Читать «Россия в XVIII столетии: общество и память. Исследования по социальной истории и исторической памяти» онлайн - страница 186
Александр Борисович Каменский
События, однако, стали развиваться не вполне так, как было задумано. Во-первых, Екатерина глубоко увязла в проблеме польских диссидентов, которая оказалась фактически не решаемой, а отступиться от нее значило потерять лицо. Во-вторых, она фактически приняла чужие правила игры. Если с 1726 по 1762 г. Россия придерживалась союза с Австрией, то теперь она, как и другие европейские державы того времени, стала менять союзников более часто и, фактически мечась между Австрией и Пруссией, загнала себя в еще одну ловушку, дав возможность более опытным партнерам вмешиваться в исход сперва первой, а потом и второй русско-турецких войн и увязывать его с польскими делами. В конечном счете, это и привело к разделам Польши. И, хотя сам факт присоединения к империи новых земель она, конечно же, считала благом (в письме к И. Г. Чернышеву от 13 августа 1793 г. Екатерина удивлялась, что, поздравив ее с обручением великого князя Александра Павловича, он также не поздравил ее с новыми губерниями), в целом таким результатом она вряд ли была довольна. И не только потому, что не удалось сохранить польскую государственность, а, соответственно, и отведенную Польше роль в обеспечении безопасности России, но и потому, что впитавшая принципы Просвещения и искренне верившая в них российская императрица, не могла не сознавать «нравственной стороны» случившегося, о которой Завадовский писал Воронцову, не могла не ощущать несоответствия содеянного этим принципам и тому образу просвещенной монархини, над созданием которого она так долго трудилась.

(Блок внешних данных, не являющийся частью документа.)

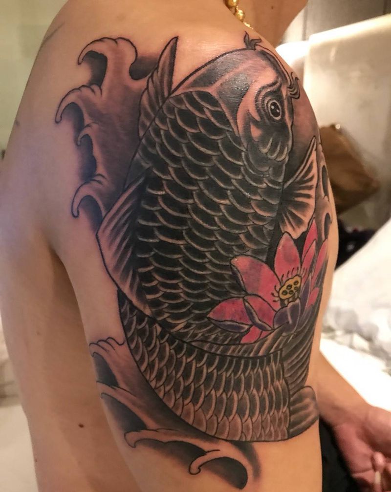 传统鲤鱼遮盖纹身图片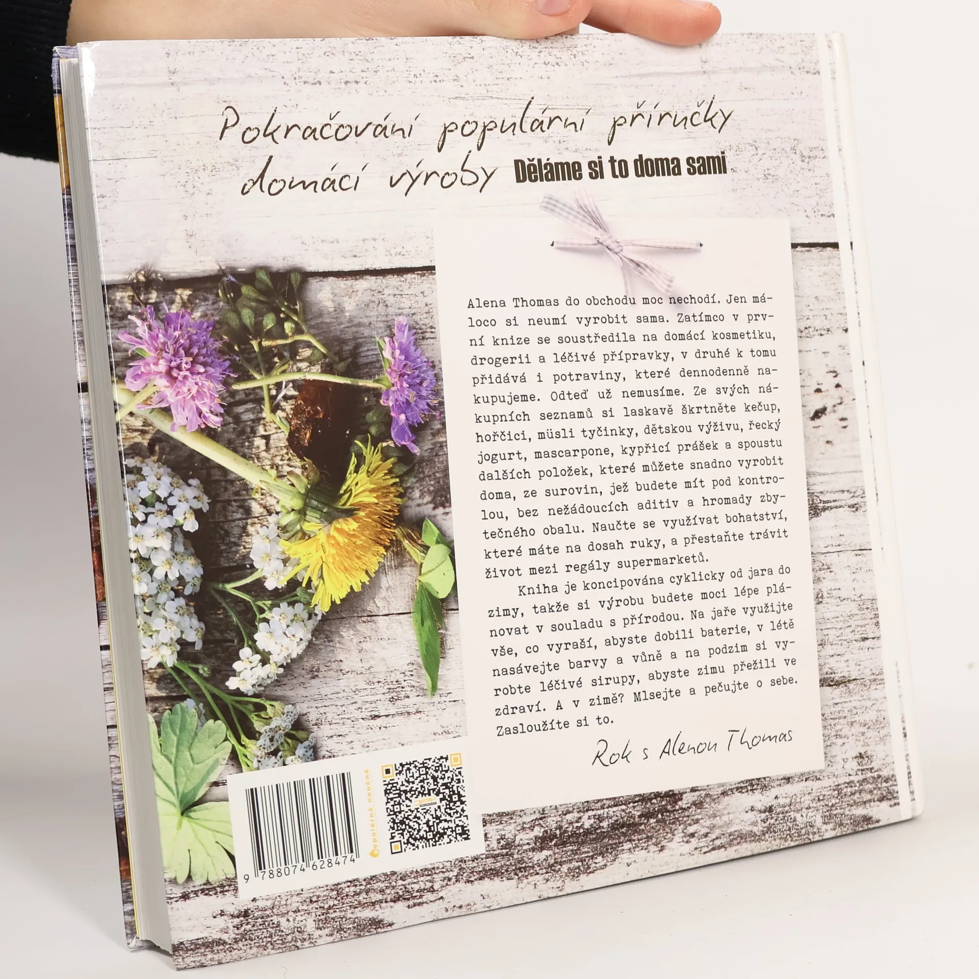 Pokračování populární příručky domácí výroby Děláme si to doma sami. Alena Thomas do obchodu moc nechodí. Jen máloco si neumí vyrobit sama. Zatímco v první knize se soustředila na domácí kosmetiku, drogerii a léčivé přípravky, v druhé rozšiřuje svůj záběr i na základní potraviny, které dennodenně nakupujeme. Odteď už nemusíme. Ze svých nákupních seznamů si laskavě škrtněte chleba, kečup, hořčici, povidla, dětské přesnídávky a spoustu dalších položek, které můžete snadno vyrobit doma, ze surovin, které budete mít pod kontrolou, a bez nežádoucích aditiv či konzervantů. Kniha je koncipována cyklicky od jara do zimy, takže si výrobu budete moci lépe plánovat v souladu s přírodou. Na podzim například vyrobíte léčivé sirupy, abyste zimu přežili ve zdraví, a na jaře zase využijete vše, co právě vyraší, abyste dobili baterie.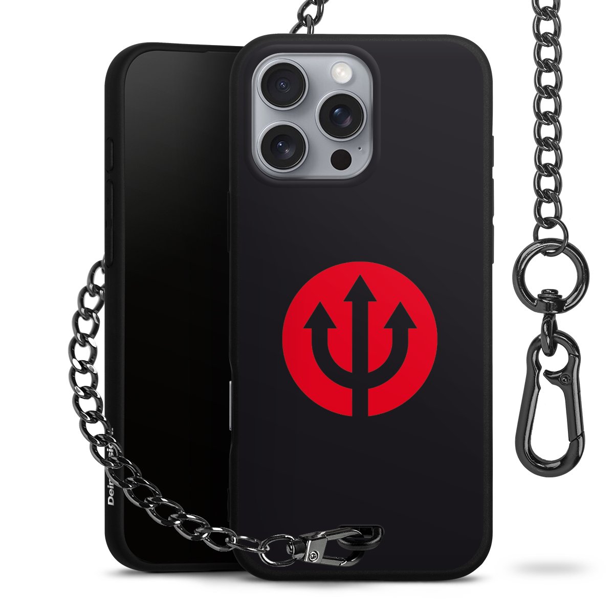 Die mattschwarze Silikon-Handyhülle besteht aus robustem TPU (thermoplastisches Polyurethan). Sie ist flexibel und schützt Dein Smartphone vor Stößen und Kratzern. Die Kette sowie der Karabinerhaken sind aus Metall in Gunmetal-Optik gefertigt. Für dieses Produkt kommen ausschließlich TÜV-geprüfte Materialien zum Einsatz.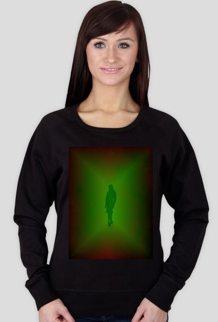 Modelka ma na sobie bluzę w rozmiarze S. Maksymalne wymiary nadruku to 30cm (szerokość)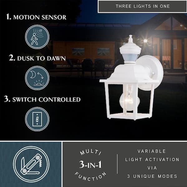 Bedford Aluminum 5.25 in. W 1-Light White Motion Sensor Dusk to Dawn Outdoor Wall Lantern Clear Glass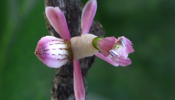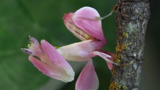 Esta es una especie de Mantis “Orchid Mantis”, que se camufla cambiando su color y simulando ser una orquídea…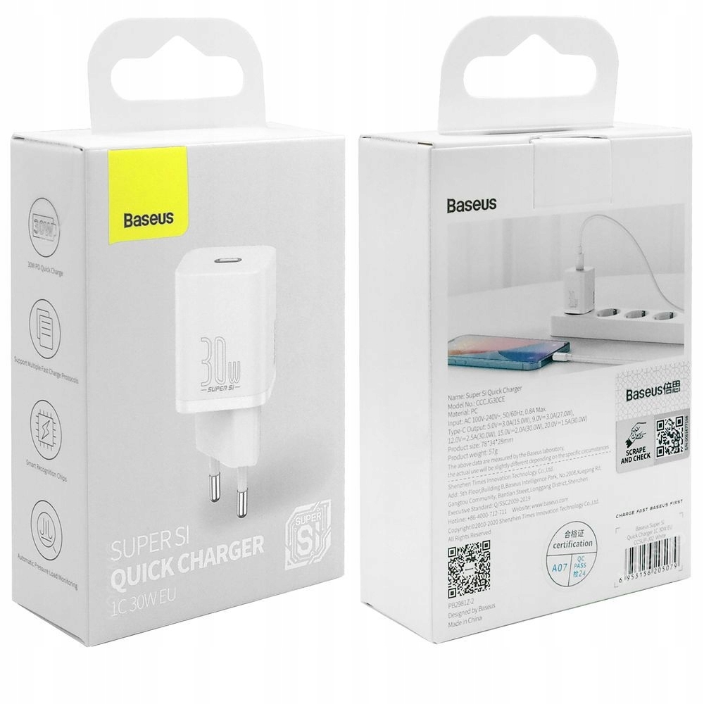 Сетевое зарядное устройство Baseus с портом USB-C обеспечивает быструю зарядку мощностью 30 Вт, что идеально подходит для новейших смартфонов.

Не исключено, что она испытывала определенный душевный дискомфорт и укоры совести. К тому же, в то время как истинные цели и вся мотивация внешней политики и Екатерины, и ее внешнеполитических партнеров носили сугубо прагматический и даже циничный характер, особенностью XVIII столетия было то, что в это время уже возникает общественное мнение, с которым монархам приходилось считаться. Формирующаяся под влиянием Просвещения общественная мораль уже не воспринимала захваты чужих земель как нечто естественное и скорее осуждала их, о чем свидетельствуют многочисленные карикатуры на разделы Польши (преимущественно английские), в которых Екатерина представала в особенно неприглядном виде. «В отличие от времен первого раздела Польши, – отмечает К. Шарф, – теперь, в революционное десятилетие, когда общественное мнение стало более бесстрашным и одновременно более дифференцированным, лишь немногие публицисты были готовы превозносить императрицу России как усмирительницу анархического народного движения в Польше… многочисленными были голоса тех, кто осуждал новую безудержную экспансию России за счет Османской империи, приветствовал польскую конституцию 1791 года, соответствовавшую традициям Просвещения и нацеленную на конституционные реформы и, наконец, тех, кто обвинял в упразднении дворянской республики в первую очередь ничем не сдерживавшуюся наступательную политику России.